— Из вашего полка? Нет. С тех пор как вас сюда принесли — никого. Было затишье. А что?
— Да так.
Я смотрю в потолок. Я спал последние двое суток, но не выспался. Кажется, я бы и месяц проспал, если бы мне дали.
— Совсем другое дело, — бодро говорит доктор. — Температура уже нормальная. Во всяком случае, настолько, насколько это возможно в таких условиях.
— Ко мне кто-нибудь приходил?
— А что, вы кого-то ждали? Архиепископа Кентерберийского?
Я игнорирую его насмешку и отворачиваюсь. Может быть, Уилл все же заходил меня проведать, ведь врач наверняка не сторожил мою койку сутками.
— Так что со мной будет дальше? — спрашиваю я.
— Обратно в строй, надо думать. Еще денек побудете тут. Пожалуй, вот что: попробуйте встать, прогуляться до столовой и что-нибудь съесть. И побольше горячего сладкого чая, если там найдется. Потом вернетесь сюда и мы посмотрим, как у вас пойдет дело.
Я вздыхаю, стаскиваю себя с кровати, чувствуя, как давит полный мочевой пузырь, и быстро одеваюсь, чтобы пойти в уборную. Отодвигаю полотнище, закрывающее вход в палатку, и делаю полшага наружу, в унылый, сумеречный недосвет. И тут вся вода, скопившаяся на парусине сверху, несколько ведер, разом выливается мне на голову, и я стою, как мокрая тряпка, страстно желая снова заболеть от этого разгула стихий, чтобы с полным правом вернуться в тепло и уют лазарета.
Но к моему разочарованию, я окончательно поправляюсь и вскоре возвращаюсь в строй.
* * *
В тот же день у меня на руке вылезает какая-то сыпь, и рука горит словно в огне. Я провожу еще полдня в палатке лазарета, ожидая своей очереди на прием. Наконец врач бегло осматривает меня и заявляет, что со мной все в порядке — я просто что-то напридумывал и прекрасно могу вернуться в окопы.
Вечером я стою один у своего перископа с винтовкой на плече и смотрю через ничью землю; я проникаюсь убежденностью, что на той стороне стоит немецкий мальчик моих лет и смотрит на меня. Он устал и напуган; он каждый вечер молится, чтобы мы вдруг не полезли из своего окопа через бруствер, потому что, увидев нас, он обязан будет подать сигнал своим товарищам, и тут начнется долгое и грязное дело — стычка двух армий.

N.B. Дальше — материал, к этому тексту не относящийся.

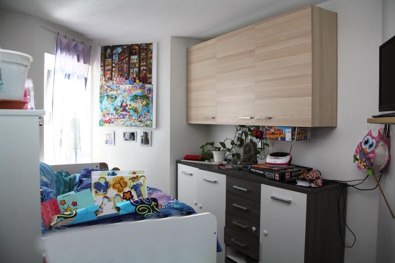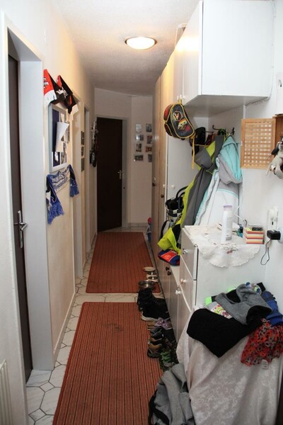 Die Wohnung hat (im Uhrzeigersinn) ein Wohnzimmer mit Essecke, eine Küche, einen Abstellraum, ein Bad, ein WC und zwei weitere Zimmer.
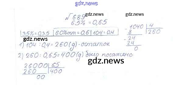 Как эффективно готовиться к домашним заданиям по Математике за 6 класс: лучшие стратегии и советы на gdz.news. Здесь подготовлен Учебник Виленкин, Жохов, Чесноков, Шварцбурд - §3. Умножение и деление обыкновенных дробей 689 и готовые ответы к ним. Сверяй домашку и получай отличные оценки!
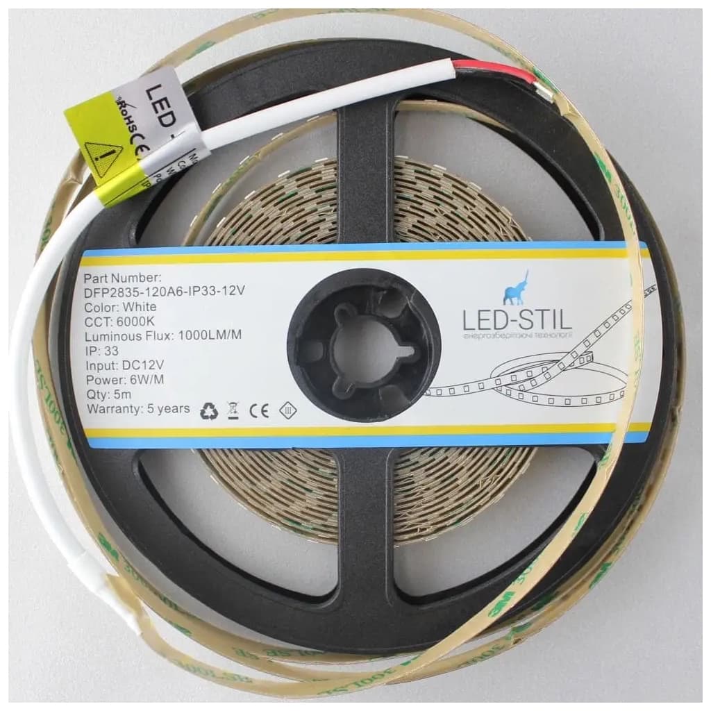 Світлодіодна стрічка LED-STIL 6000K 6 Вт/м 2835 120 діодів IP33 12 Вольт 950 lm холодне світло (DFP2835-120A6-IP33-12V)
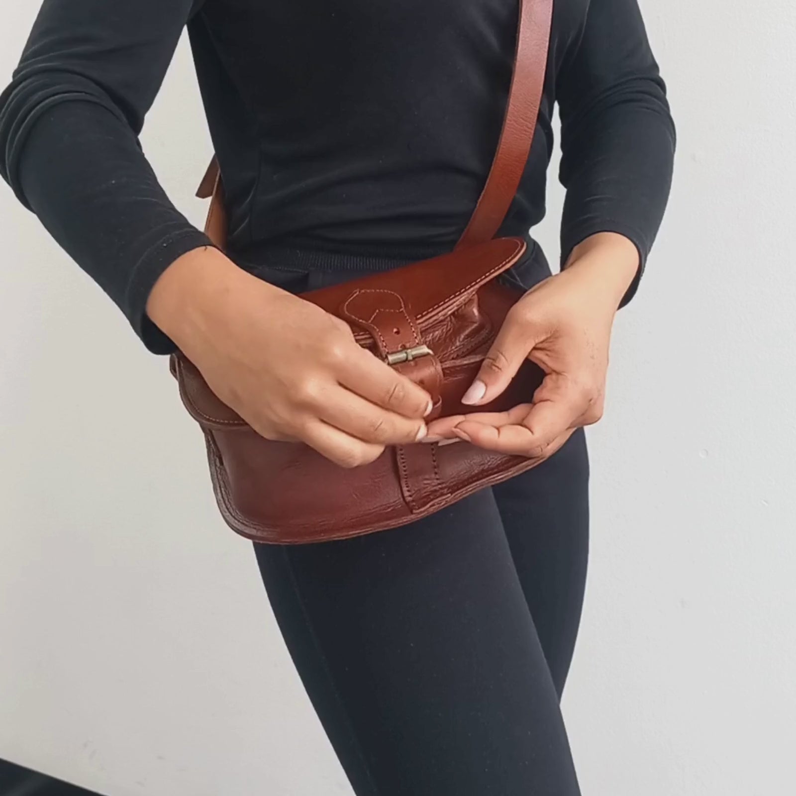 Our saddle bag is designed with a spacious main compartment and a separate pocket under the flap, all secured with a buckle closure and a long adjustable straps for the perfect fit.
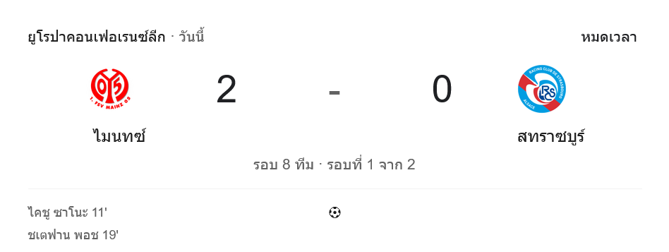บ้านกีฬา สรุปเกม ผลบอลสด ยูโรปา คอนเฟอเรนซ์ ลีก รอบ 8 ทีมสุดท้าย นัดแรก ที่ไมนซ์เปิดบ้านอัดสตราส์บูร์ก 2-0 แบบคมกริบและชัดเจนกว่าในทุกจังหวะสำคัญ สองประตูเร็วจาก ไคชู ซาโนะ และ สเตฟาน พอช ทำให้เจ้าถิ่นกุมเกมไว้ตั้งแต่ครึ่งแรก ก่อนปิดงานอย่างนิ่งในครึ่งหลัง
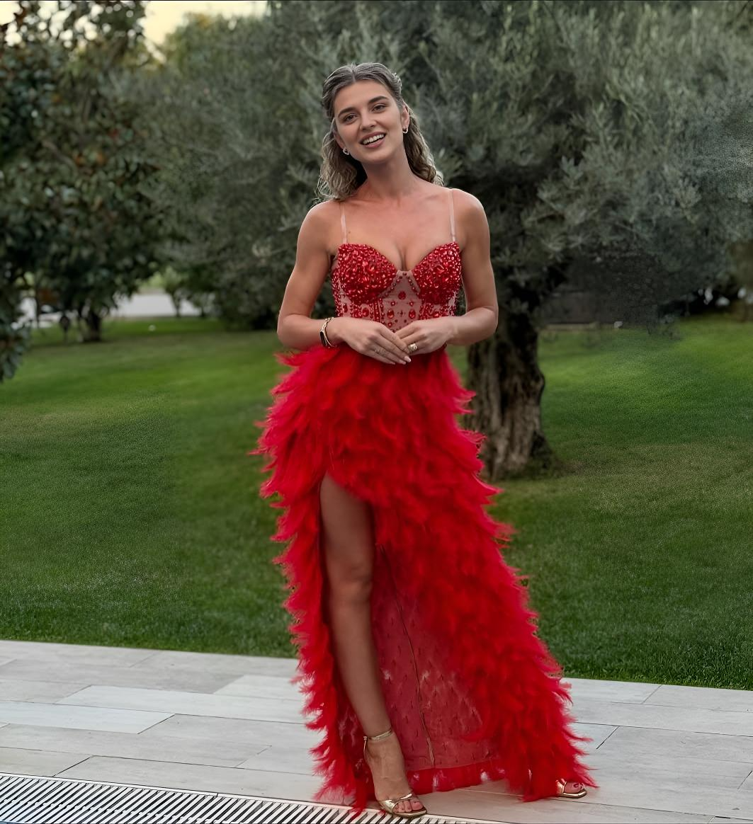 The Naomi dress is a glamorous, figure-hugging gown covered in sparkling rhinestones. It features a bold bandeau-style top with an elegant cutout at the waist, accentuating the silhouette, and a thigh-high slit that adds a touch of allure. The shimmering fabric catches the light beautifully, making it a perfect choice for evening events or special occasions.

Про Уилла никто не говорит, а я боюсь спрашивать. Большинство людей, прибывших в полк одновременно с нами, уже мертвы или, как Хоббс, отправлены в полевой госпиталь, так что моим нынешним однополчанам нет резонов думать об Уилле. Я терзаюсь одиночеством. Я уже очень давно не видел Уилла. Он старательно избегал меня с тех самых пор, как я отказался подать рапорт на Милтона сержанту Клейтону. Потом я заболел, и все.
Когда сержант Клейтон отбирает людей для рекогносцировки в сторону немецких окопов в глухой ночной час, из шестидесяти ушедших возвращаются только восемнадцать — катастрофа по любым меркам. Среди погибших — капрал Моуди, получивший пулю в глаз.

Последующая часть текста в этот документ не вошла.